By October 28, 1864, the Quebec Conference had drawn up a blueprint for Confederation. Seventy-two resolutions had been discussed. When the delegates and their wives left for Montreal by special train, all but three resolutions had been approved, and these were dealt with at Montreal.
There was great jubilation because the delegates did not realize how difficult the days ahead would be – Confederation still had to be approved by the five provinces, then submitted to the British Parliament, and this was to take another two and a half years.
After their meeting at Montreal the delegates toured the chief cities of Upper and Lower Canada. They went first to Ottawa, the new capital chosen by Queen Victoria, and had lunch in the new Parliament Buildings, although they were only half-finished. Then they went on to Toronto, making stops at Kingston, Belleville, and Cobourg, where they were greeted by cheering crowds and brass bands. There was a torchlight procession in Toronto as they went from the station to the Queen’s Hotel and four brass bands played along the route. Then the tour went on to Hamilton and St. Catharines. Everywhere, there was sight-seeing, speech-making, and a great deal of eating and drinking. The men did the eating and drinking, while their women, in true Victorian style, sat in the galleries and watched!
The most difficult problems solved by the seventy-two resolutions included that of striking a balance between federal and provincial powers — the American Civil War had shown how important it was to have a strong federal government. It was agreed that all powers not expressly assigned to the provinces should be reserved for the Federal Government, which could also disallow provincial legislation.

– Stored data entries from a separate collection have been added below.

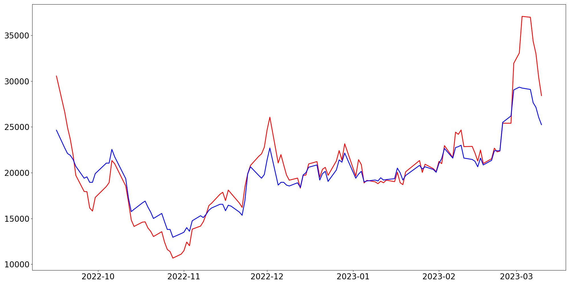 [ - : 실제값(종가) / - : 예측값(종가) ]
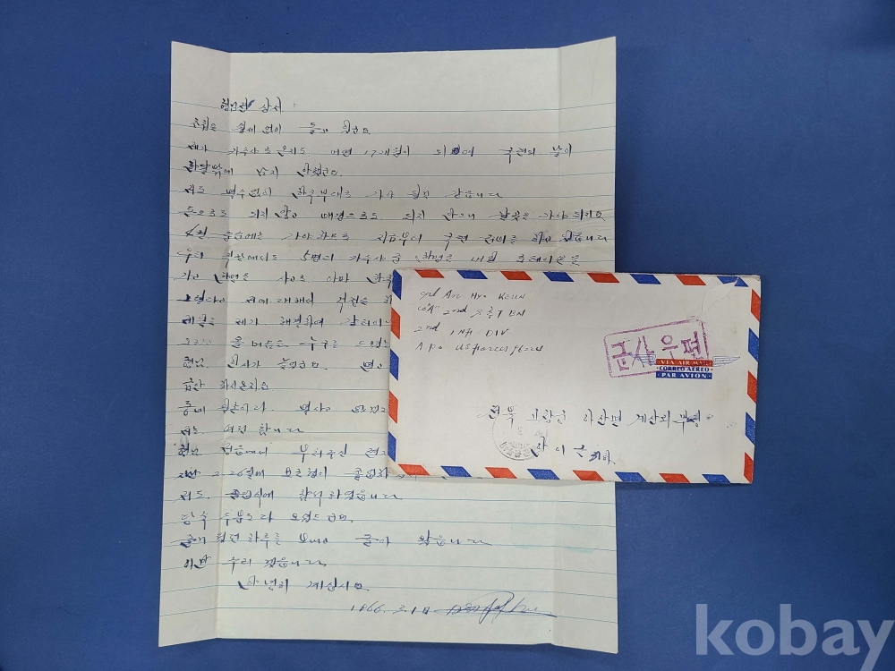 1966년 주한미제8군에 배속된 카투사 군사우편 실체봉투(편지글)
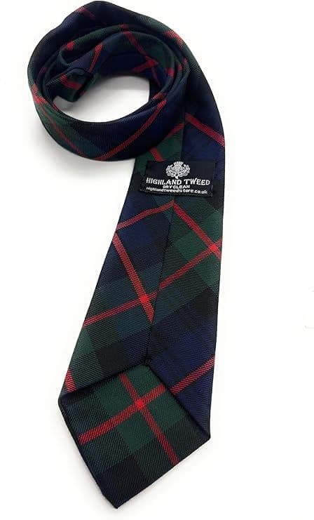 Elevate your formal attire with this distinguished Murray of Atholl Tartan Necktie from Highland Tweed. Proudly handmade in Scotland, this classic necktie showcases the striking Murray of Atholl tartan, featuring a rich combination of deep navy blue and forest green with bold red overcheck lines — a pattern steeped in Scottish Highland heritage. The finely woven fabric drapes beautifully and holds a knot with ease, making it ideal for weddings, Highland gatherings, Burns Night suppers, or any occasion that calls for a touch of Scottish tradition. Whether you are of Scottish descent or simply appreciate fine craftsmanship, this tartan tie is a timeless addition to any wardrobe. Please note that this tie is dry clean only to preserve the integrity of the fabric and the vibrancy of the tartan colours.
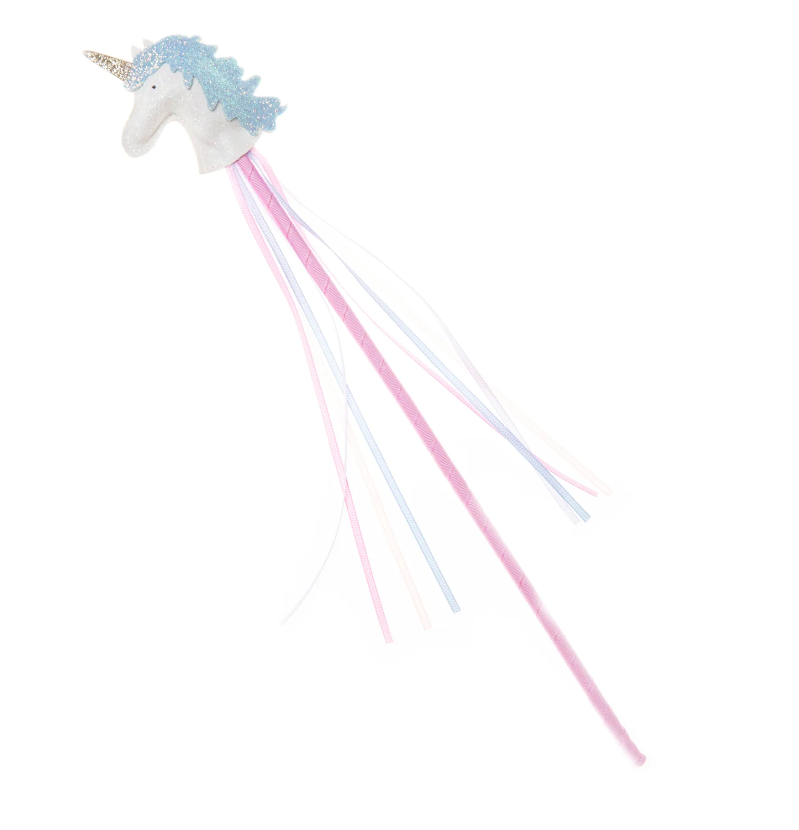 We believe in unicorns - and so can you! In an gorgeous glitter fabric adorned with beautiful colored ribbon streamers, this is the perfect wans for magical spells, imagination adventures, or a fun addition to the dressing up box!
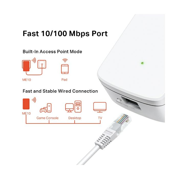 Mercusys ME10 bežični pojačivač dometa (Range Extender) 300Mbps (2.4GH), IEEE 802.11b/g/n 2.4 GHz, 1×LAN,
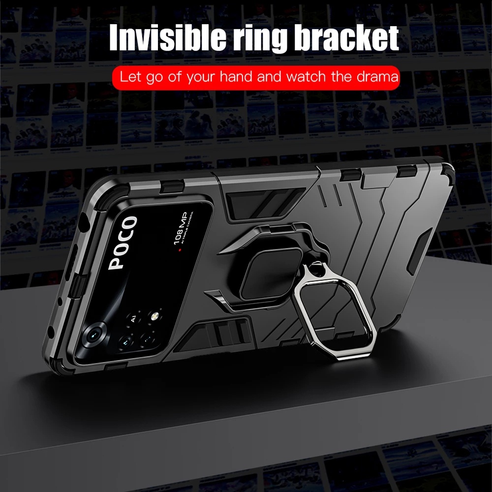 Shockproof Armor Case for POCO X4 Pro 5G X4 GT X3 NFC F3 GT Ring Stand Phone Back Cover for Xiaomi POCO M3 M4 Pro 5G
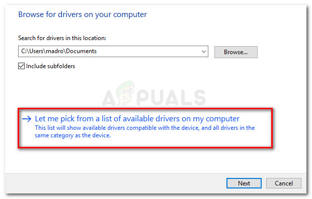 - In the next screen, click on Browse my computer for driver software and then click on Let me pick from a list of available drivers on my computer.
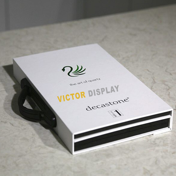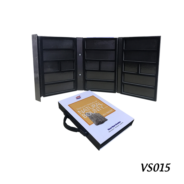 VS015 Quartz Stone Sample Display Folders made of 4mm cardboard sheet covered with 8 mm die cut EVA foam for granite, marble or stone samples. This display method can hold up to 40 pcs 50*70*5 MM quartz surface samples. Laminated covered printed paper showing the company information. Customize accept.

The provinces would lose a great deal of revenue by not being able to impose customs duties; so it was decided that the Federal Government would pay each province 80 cents for every member of its population. It was agreed to build the Inter-colonial Railway between Canada and the Maritimes. The seventy-two resolutions also made provision for the Northwest, British Columbia, and Vancouver Island, should they decide to join the Confederation later.